EDIT: A working regex (take the second group):
(^|[ ,\t\n]+)([0-9\\.]+)($|[ ,\t\n]+)
Original post:
I’m new to Haskell, trying to use Text.Regex (from regex-compat) to extract float values from a string. I want my regex to match any series of numbers and periods that is buffered by at least one separator character to the left and the right. This is what I wrote:
regex = "[^ \t\n,]+([0-9\\.])+[$ \t\n,]+"
EDIT: I originally thought this worked properly in Scala, but I now believe I simply got lucky with my test strings. This does not work in Haskell. An example:
matchRegexAll (mkRegex regex) " 12.34 "
yields
Just (" ","12.34 ","",["4"])
when it seems to me it should yield
Just (""," 12.34 ","",["12.34"])
Another example:
matchRegexAll (mkRegex regex) "12.34"
yields
Nothing
when it I think it should yield
Just ("","12.34","",["12.34"])
I’m guessing the parser treats “^” and “$” differently that does the Scala parser, but that’s all I’ve got.

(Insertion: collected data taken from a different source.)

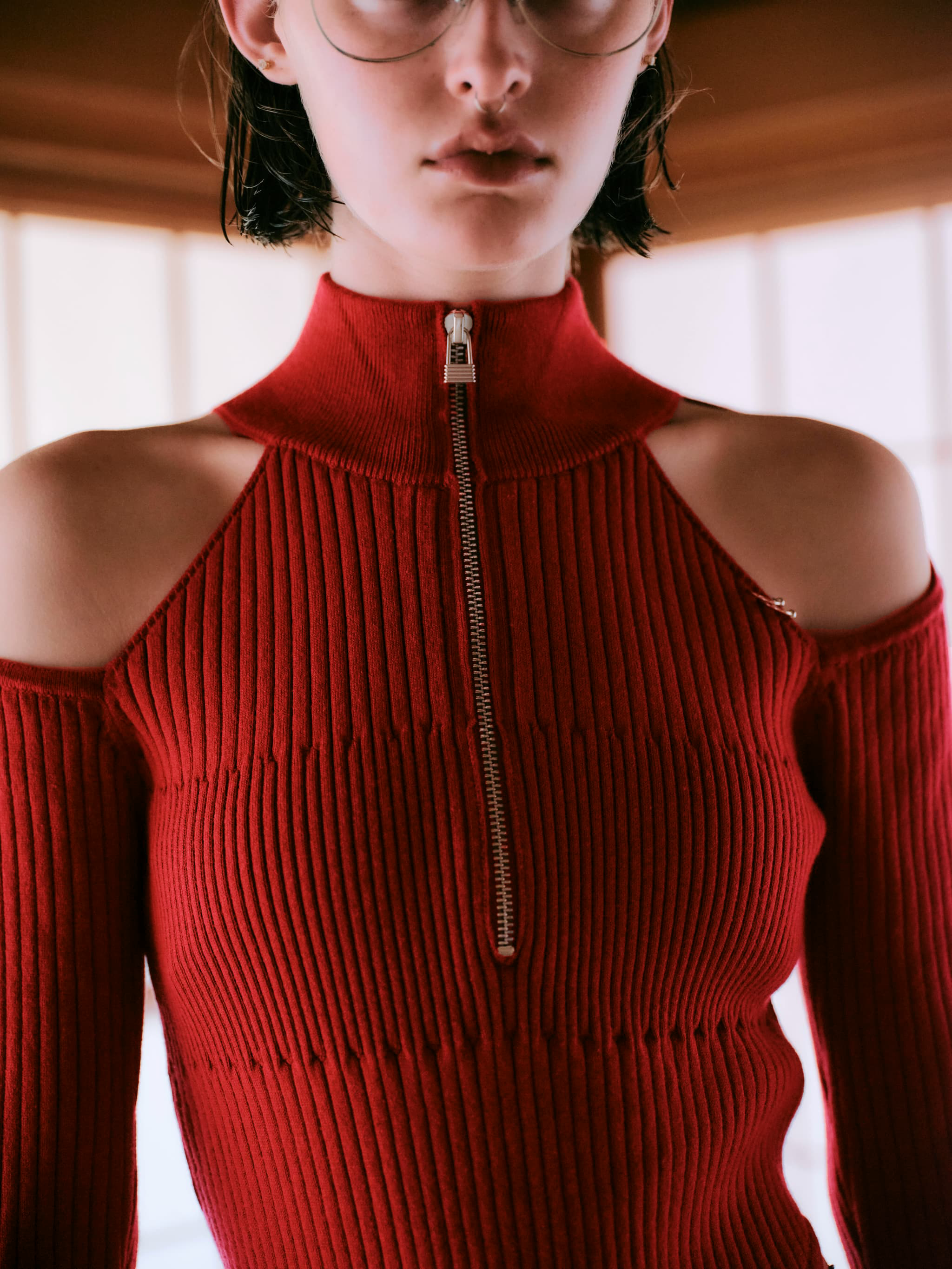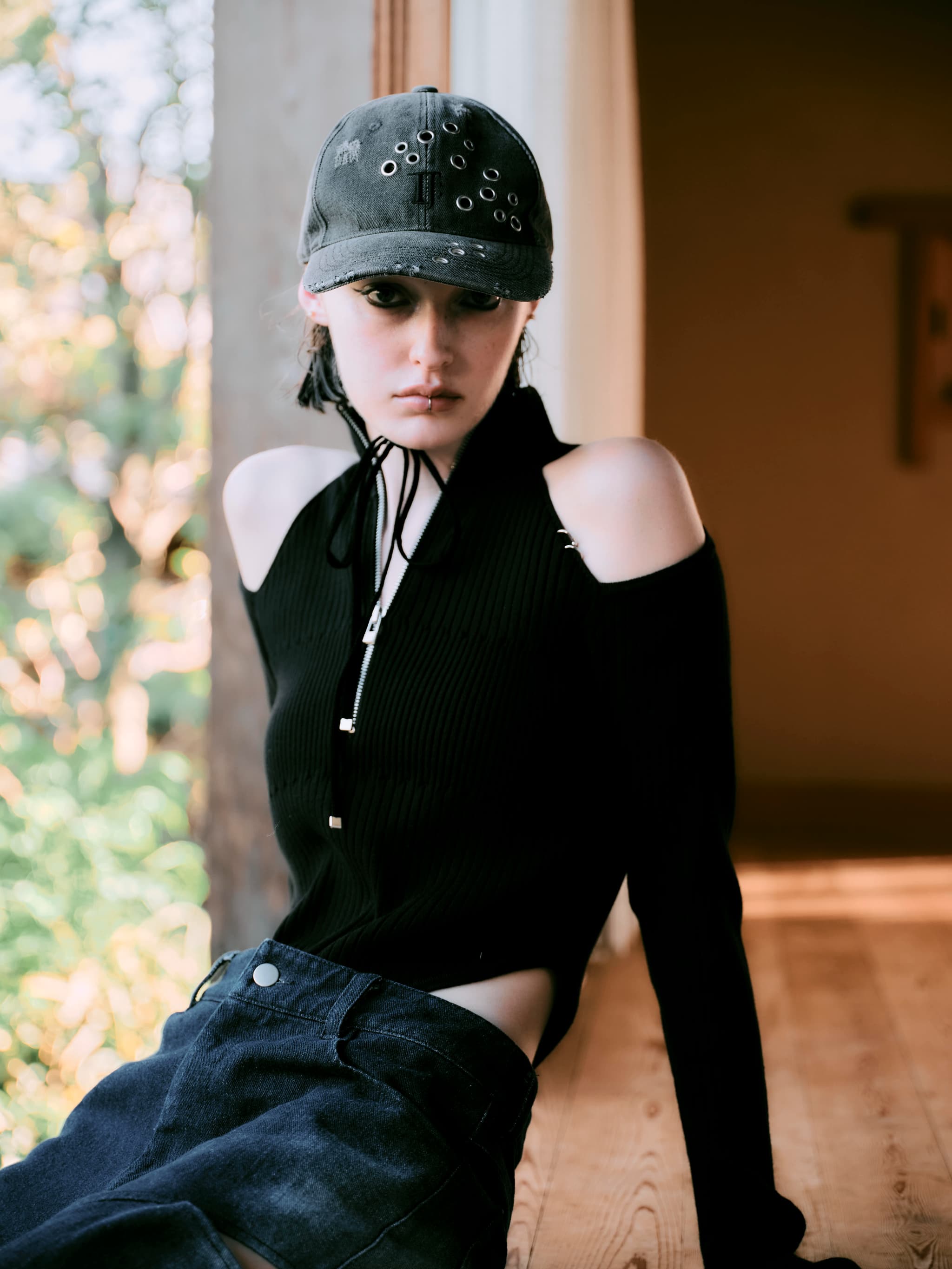 肩を大きく開けたオフショルダー風デザインに、ピアスディテールやフロントジップのメタル感を加え、シャープで洗練された印象に仕上げました。
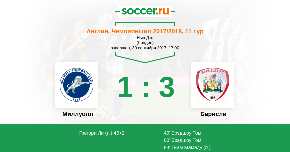 Протокол матча Миллуолл против Барнсли
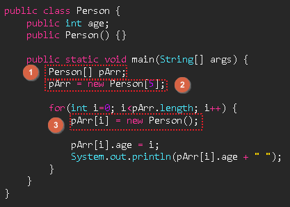 ① 객체 배열을 선언한다. (객체 배열에 대한 레퍼런스 변수 pArr를 선언)
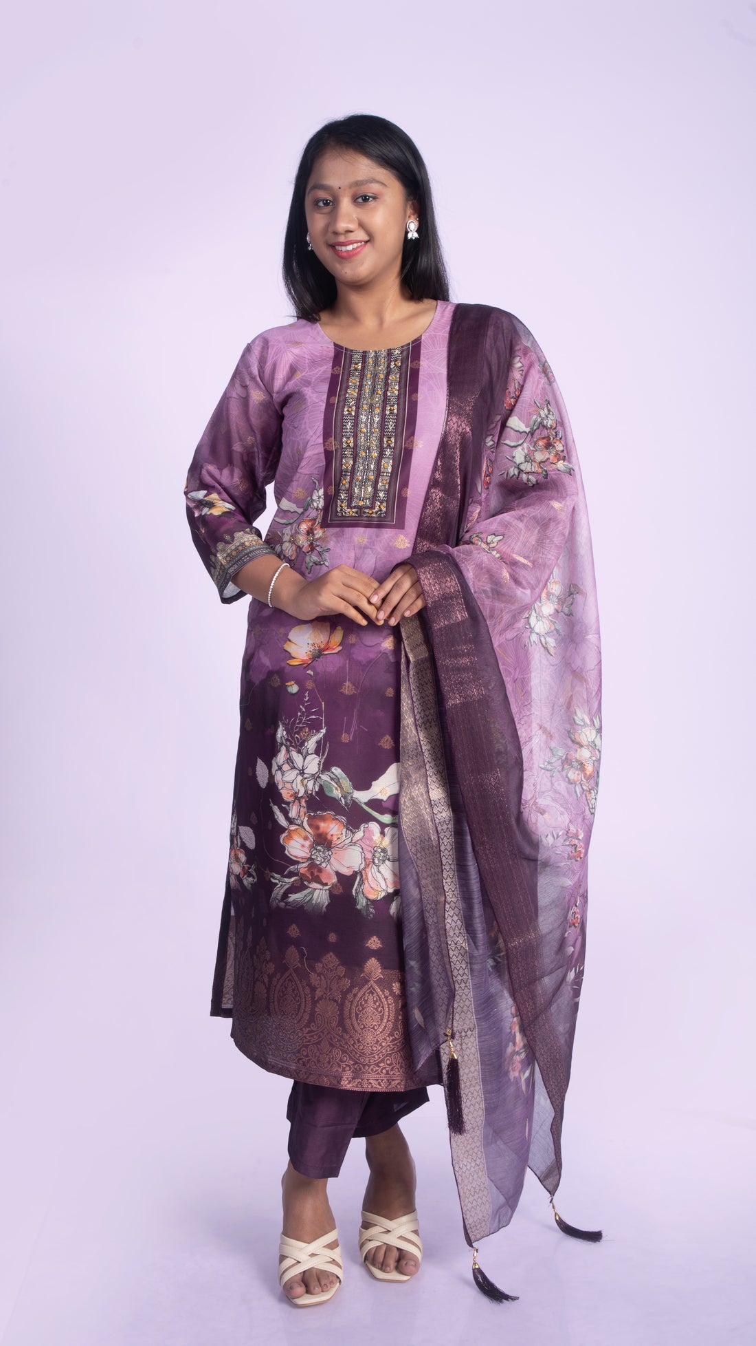 Delicate and elegant, the Floral Whisper Embroidery Suit Set features intricate floral embroidery that adds...
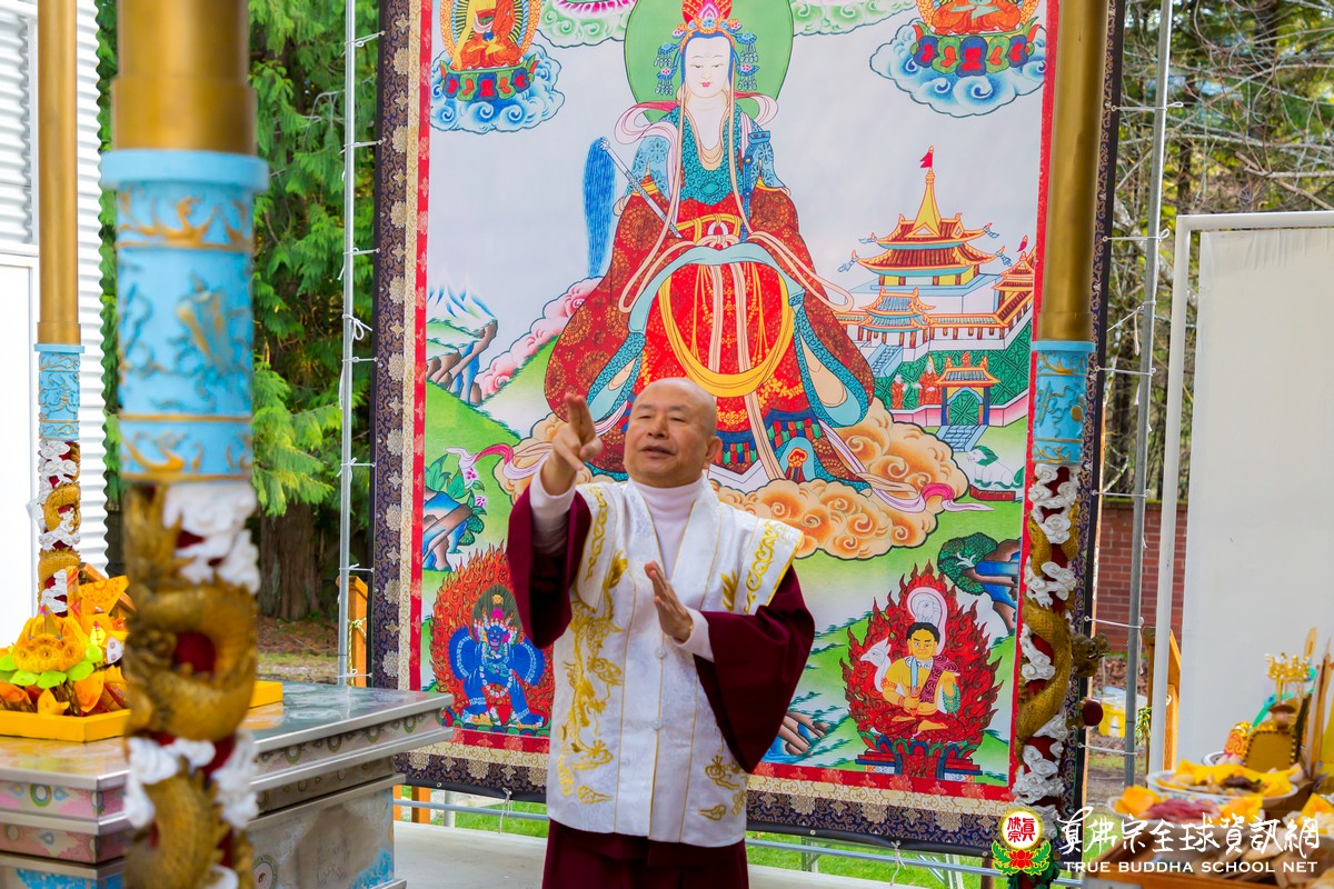 2020年11月21日蓮生法王盧勝彥於美國彩虹雷藏寺主持瑤池金母護摩法會。法王首先預告,下星期天將是蓮花童子的法會。蓮花童子,既是項光童子,也是化生童子,本地既是阿彌陀佛,而盧師尊也就是蓮花童子的化生,真佛宗就是蓮花童子創立的宗派。
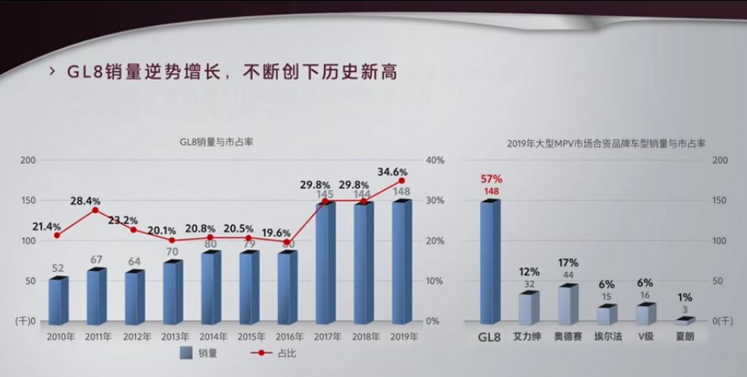 再有就是别克GL8的品牌价值,别克GL8深耕中国市场20余年,截止至2019年,GL8的累计销量突破122万辆,在合资MPV市场中占有率达到57%,这意味着每卖出两台合资MPV,必定有一台是别克GL8。
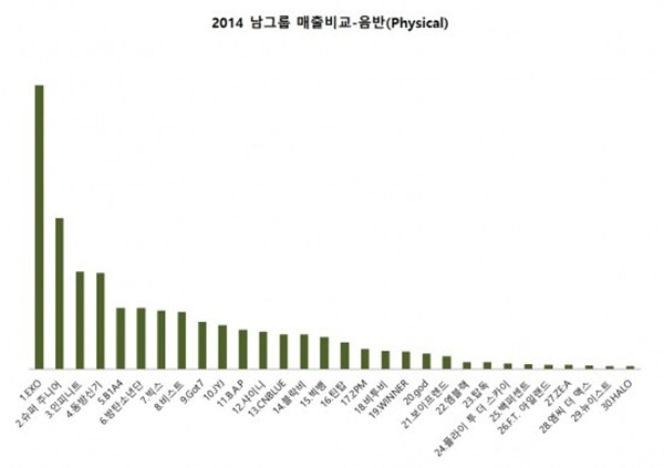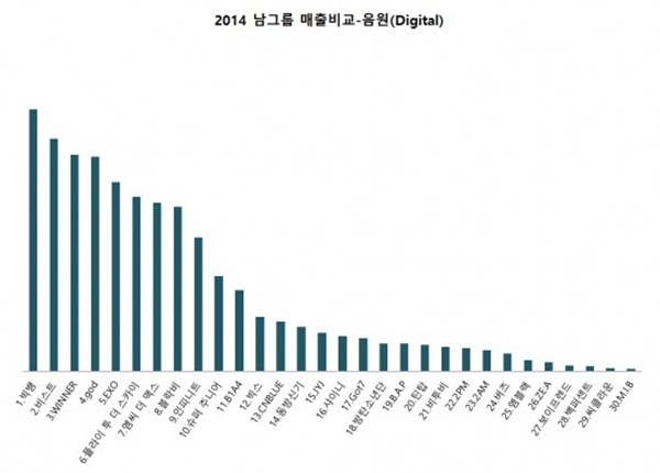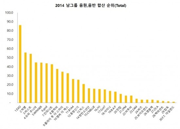 Dựa trên ba yếu tố: Doanh thu các ca khúc kỹ thuật số, doanh số lượng bán album, doanh thu tổng thể, kết quả cũng không khó đoán khi tiền bối - hậu bối, BigBang - EXO đều có tên trong top đầu bảng thống kê này, điều khiến khán giả ngạc nhiên khi hậu bối EXO đã có những bước tiến mạnh mẽ bỏ xa đàn anh BigBang và trở thành "ông hoàng" của năm 2014.
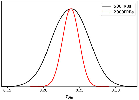 Then, we moved to the high-redshift case with more FRB data and a higher redshift distribution up to . Since the obtained error bar on the parameters should be smaller with , we expect that the constraint on the helium abundance would be improved by a factor of 2. In practice, we used the 2000 mock FRBs and the shift parameters to perform the analysis and obtain the standard deviation of the helium abundance , which was slightly better than we expected, as shown in the red line of Figure 4. We think that this is due to the redshift distribution of these mock data, which was higher than the conservative case. We could have more information from the high redshift universe to study the helium abundance, which would be helpful to improve the constraint on . In the future, the SKA project expects to detect FRB samples with redshifts up to 14 [58], which implies FRB could be a very promising probe to study the high-redshift universe.
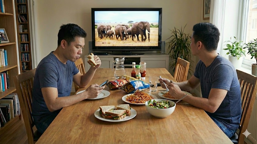 วิจัยเฉลยแล้ว! ตอนกินข้าว "ดูทีวี vs ไถมือถือ" ทำอะไรอ้วนกว่า? น้ำหนักพุ่งพรวดน่าตกใจ!!คำถามโลกแตก! สายติดจอต้องรู้ "ทีวี vs สมาร์ทโฟน" อันไหนคือตัวการทำลายหุ่นที่แท้จริง?
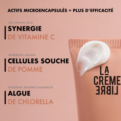 La Crème Originale - Crème Hydratante & Apaisante de chez La Crème Libre, hydrate intensément, apaise et prévient les rougeurs cutanées. Sa formule à base d'actifs micro-encapsulés renforce la barrière de la peau, lutte contre le vieillissement et équilibre le microbiote cutané. Adaptée aux peaux sensibles et réactives, elle convient aux femmes enceintes et allaitantes, ainsi qu'aux enfants de plus de 3 ans. Fabriqué en France et Vegan, cette crème est idéale pour un soin quotidien et naturel.
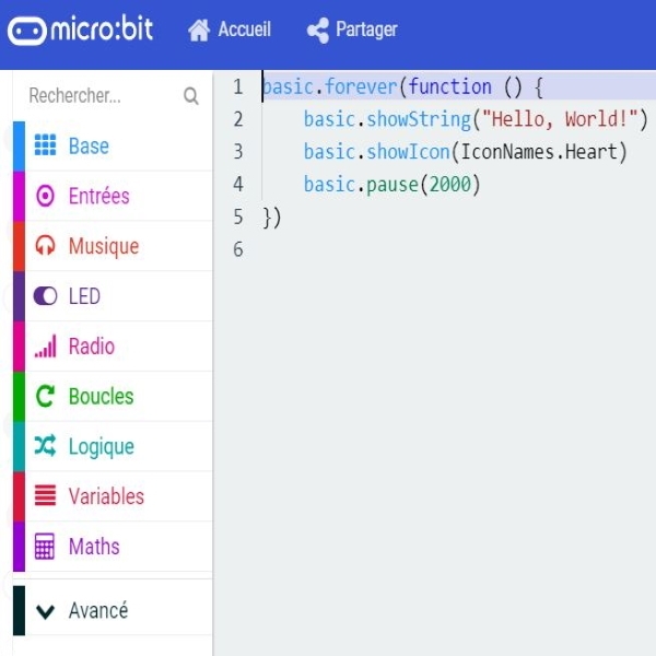 Pour coder en blocs ou en JavaScript, il faut utiliser l’éditeur MakeCode.
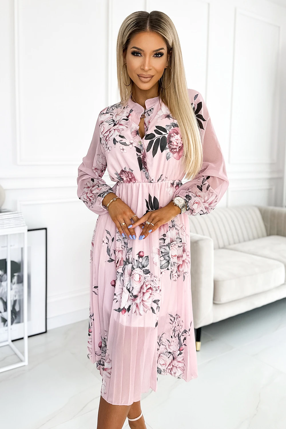 449-4 CARLA Plisowana sukienka midi z guziczkami i długim rękawkiem - RÓŻE na tle pastelowego różu
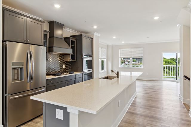 This three-story townhome features an expansive first-floor flex space that can function as a recreation room ideal for entertainment and hosting guests, with a convenient back entrance. Upstairs is an open layout shared among the family room, dining room and kitchen, along with an optional deck for outdoor living. On the top floor is the luxe owners suite with a private full-sized bathroom and two bedrooms.
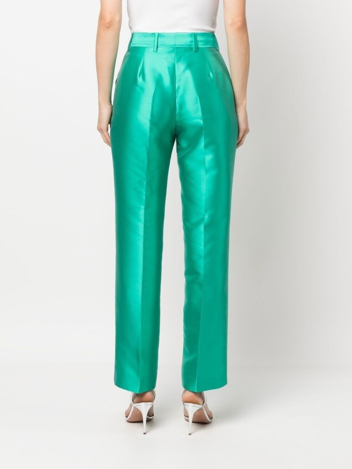 Бирюзовый, сатиновая фактура, стрелки, потайная застежка спереди, петли для ремня, завышенная талия, два кармана по бокам, прямой крой и высота по щиколотку.
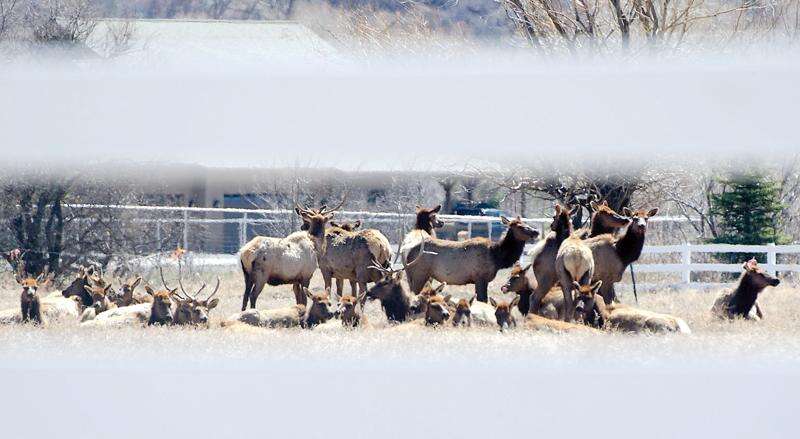 A herd of elk rests in a fenced-in pasture just off U.S. Highway 550 near Animas Valley Elementary on Wednesday afternoon.
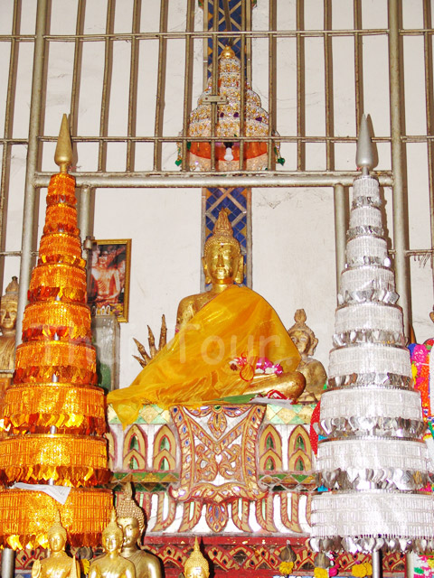 วิหารนี้ประดิษฐานพระพุทธรูปปูนปั้นปิดทอง
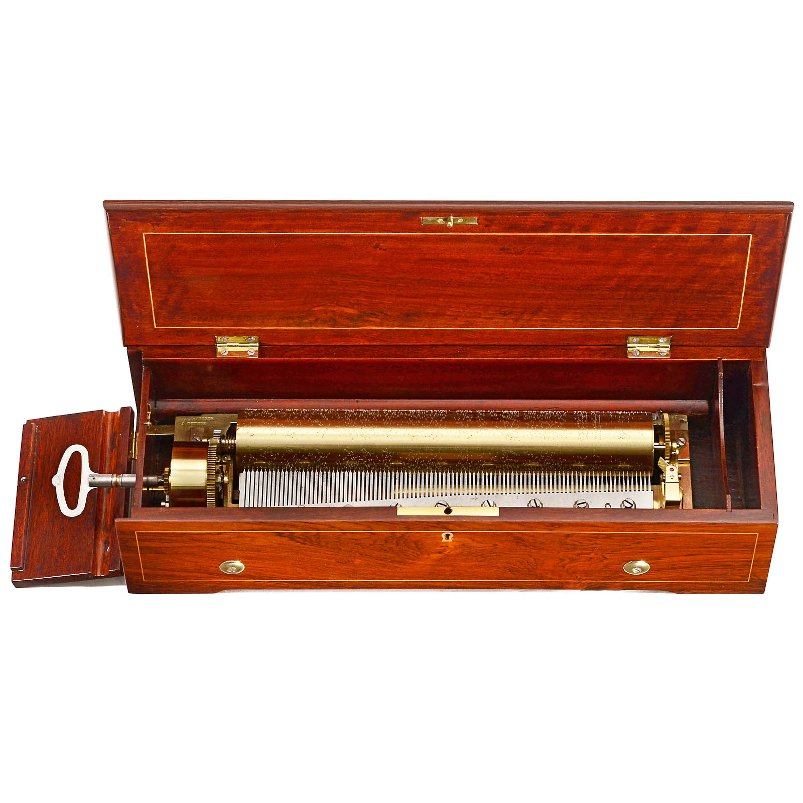 No. 28596, playing "Polka Baden-Baden No. 1", by Fessy, "The Gustave Galopp" and six other airs, with 96 teeth in comb (complete, lacquered), brass bedplate, instant-stop, partial tune-sheet and rosewood-veneered case, width 20 ½ in. (52 cm), cylinder 13 in. (33 cm), with later key, three nicely replaced teeth, movement and case in restored condition.

Inside a character class like
[^ \t\n,], normal regex metacharacters (such as^and$) lose their special meaning; they match themselves instead.1 Something like(^|[ \t\n,])should do what you want.I’m surprised your regex works in Scala; I’ve never seen a regex implementation that doesn’t behave in this manner.
1 Although as FlopCoder points out,
^at the start of a character class actually negates it.